Decline and Fall of Faithless Empires
Political commitment requires artists to abandon
the freedom that’s provided for their artistry, machinery
political opinions ruin, pouring sand in
its gears while they admire ideologically the senseless scenery.
In contrast, the decline and fall of mighty empires and
contemporary regimes like ours has throughout time depended
on their commitment to traditions, whose aband-
onment by faithless populations leaves them weak and undefended.
In “Europe May Be Declining, but America Isn’t,” WSJ, 6/24/24, Walter Russell Mead writes:
In 1375 Charles IV named Lübeck one of the “five glories” of his Holy Roman Empire, along with Pisa, Florence, Venice and Rome. After a long decline, the German Empire absorbed Lübeck in 1871, and the last vestiges of its independence ended when the Nazis incorporated the “free city” into the state of Schleswig-Holstein. It remains, however, an important tourist destination, and is renowned for its marzipan.
Unsurprisingly, perhaps, decadence and decline were central preoccupations of Lübeck’s most famous modern son, the Nobel Prize-winning novelist Thomas Mann. “Buddenbrooks,” the work that made his name, was set in a thinly fictionalized Lübeck and describes the social, cultural and economic decline of a typical German bourgeois family during the 19th century. As the primitive strength of the early Buddenbrook generations yielded to the more tortured and conflicted psychologies of a later era, the family became less effective in the real world.

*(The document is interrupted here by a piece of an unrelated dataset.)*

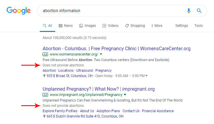 Google announced in May that it would be implementing a new ad policy that would directly affect pregnancy help organizations. The policy requires ads using keywords related to abortion to carry one of two disclaimers: “Provides abortion” or “Does not provide abortions.”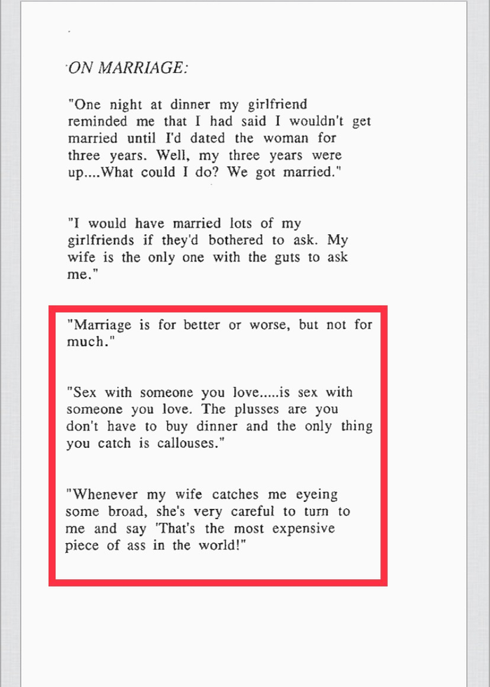 This booklet was given to Mike Bloomberg on his 48th birthday in 1990. It was produced by Elisabeth DeMarse, Bloomberg L.P.’s former chief marketing officer. “Yes, these are all actual quotes,” DeMarse wrote in the introduction. “No, nothing has been embellished or exaggerated. And yes, some things were too outrageous to include.” Bloomberg has given varying responses over the years when asked about some of the quotes in the booklet. His spokesman said in 2001 that “some of the things he might have said” and Bloomberg apologized to “anyone that was offended by” the comments. Bloomberg at one point referred to them as “a bunch of Borscht Belt jokes.” After The Post informed the Bloomberg campaign that it planned to put online a copy of the full booklet, spokesman Stu Loeser said, “Mike simply did not say the things somebody wrote in this gag gift, which has been circulating for 30 years and has been quoted in every previous election Mike has been in.” At the same time, Loeser added, “Mike openly admits that his words have not always aligned with his values and the way he has led his life and some of what he has said is disrespectful and wrong.” He did not provide specifics.

Family ties frayed, the business shrank, and the novel closes as a handful of impoverished surviving family members cling to the memories of past greatness.
History doesn’t, I think, teach us that decline has a single cause. The ancient Greeks and Romans believed that decline and decay were part of a natural and inevitable process. As a society becomes affluent and powerful, it loses the primitive virtues that made it great. As virtue vanishes from a people, its institutions decay, and ultimately its defenses collapse.